Continuous Agents Need Stateful Compute, Not Traditional CI/CD

Hugo SantosAI EngineerWednesday, May 13, 202611 min read

Madison Faulkner and Hugo Santos of Namespace argue that traditional CI/CD is organized around human-paced pull requests, and starts to fail when autonomous agents generate continuous, overlapping streams of code. Their proposed replacement keeps validation inside a stateful agent loop, uses caching and orchestration to avoid cold starts, and moves completed work into a pre-merge layer where humans review intent and outcome rather than every diff. The underlying CI functions remain, but the pull request stops being the system’s basic unit of work.

CI/CD was built around human latency; agents remove the hiding place

Madison Faulkner frames the problem as a mismatch between the assumptions of traditional CI/CD and the behavior of agentic software.

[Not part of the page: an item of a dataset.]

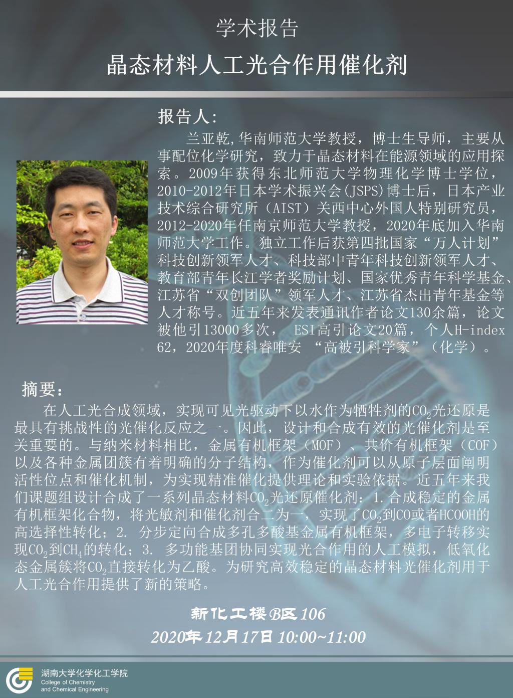 2020年12月17日华南师范大学兰亚乾教授学术报告会

The old system assumes that a human developer submits a small number of changes, those changes are packaged as pull requests, colleagues review them, GitHub Actions or an equivalent system runs build, test, and deploy steps, and the developer iterates on any failures. In the workflow Faulkner describes, a human developer with repository permissions submits roughly one diff a day to one repository, and each pull request takes about ten minutes to verify.

That design can tolerate slowness because human work is slow enough to mask it. Machines may take time to restore caches, run tests, and coordinate merges, but the developer is already waiting on review, context switching, or making the next change. Hugo Santos later makes the same point more explicitly: “machine latency hides behind human latency.” When humans write code slowly, package changes as PRs, and validate after push, delayed feedback is survivable.

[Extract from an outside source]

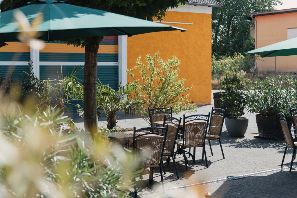 Georgshof – Gutsausschank Georg Leber steht in großen Lettern auf der Häuserwand. Seit vielen Jahren ist der Ausschank ein beliebtes Ausflugsziel an der Ortsrandlage von Mainz-Hechtsheim. Das eigentliche Weingut wird von Stefan Leber geleitet. Die ehemalige Gutsschänke ist verpachtet und liegt seit 13 Jahren in den bewährten Händen von Volker Mayer, der schon immer eine Restaurant- Leidenschaft hatte. Nach zwei Stationen in Marienborn und Gonsenheim lernte er Stefan Leber in dessen Hechtsheimer Weingut kennen, und schnell war klar, dass Volker den Gutsausschank übernimmt. Die Aussicht, einen solchen bei einem ausgezeichneten Winzer aufzubauen, klang sehr verlockend.

Agentic development changes the traffic pattern. Faulkner describes agents using the same CI/CD systems, but generating N PRs to N repos. The verification time per change may remain similar, but the arrival pattern changes. Instead of a predictable flow of one or two changes, the system sees bursts, fan-out, and short-lived branches.

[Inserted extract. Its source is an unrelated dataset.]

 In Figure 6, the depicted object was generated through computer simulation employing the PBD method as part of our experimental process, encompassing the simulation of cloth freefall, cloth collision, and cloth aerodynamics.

Mode	Change pattern	Queue and cache behavior
Human developer	One PR per day	Predictable queues; local caches often warm
Agent workflow	Thousands of short-lived branches and PRs	Runners queue; cache miss rates spike

Faulkner contrasts human and agent development by their effect on cache reads, writes, and runner queues

The issue is not merely that there are more commits. It is that the existing pipeline’s bottlenecks compound under agent behavior. Branches become ephemeral. Caches are thrashed. Runners saturate. Different agents push the same codebase in several directions at once. Faulkner says that at some point “merging all these different versions together is really impossible,” and identifies that as the moment the current CI/CD model breaks down.

A Namespace slide showing GitHub activity over the prior three months displayed a sharp rise in commits, alongside lines added and deleted. Faulkner points to that pattern as evidence that activity has “gotten absolutely crazy,” emphasizing the spike in commits and churn.

The first replacement layer is acceleration, but the target is orchestration

Madison Faulkner’s proposed starting point is not to throw away existing CI/CD immediately. It is to accelerate it. She describes an “agent cache” inserted over existing infrastructure such as GitHub Actions, runners, repositories, build tools, and source-code management systems. In the near term, that cache speeds up slow build, test, and deploy stages — a problem she describes as common among current teams.

But the cache is not only a performance optimization. It becomes an orchestration layer. In Faulkner’s architecture, the CI/CD cache sits between agents, repositories, runners, build tools, and source-code management, with hardware-software co-design directing parallelizable or real-time tasks. She calls that hardware and software co-design “critical.”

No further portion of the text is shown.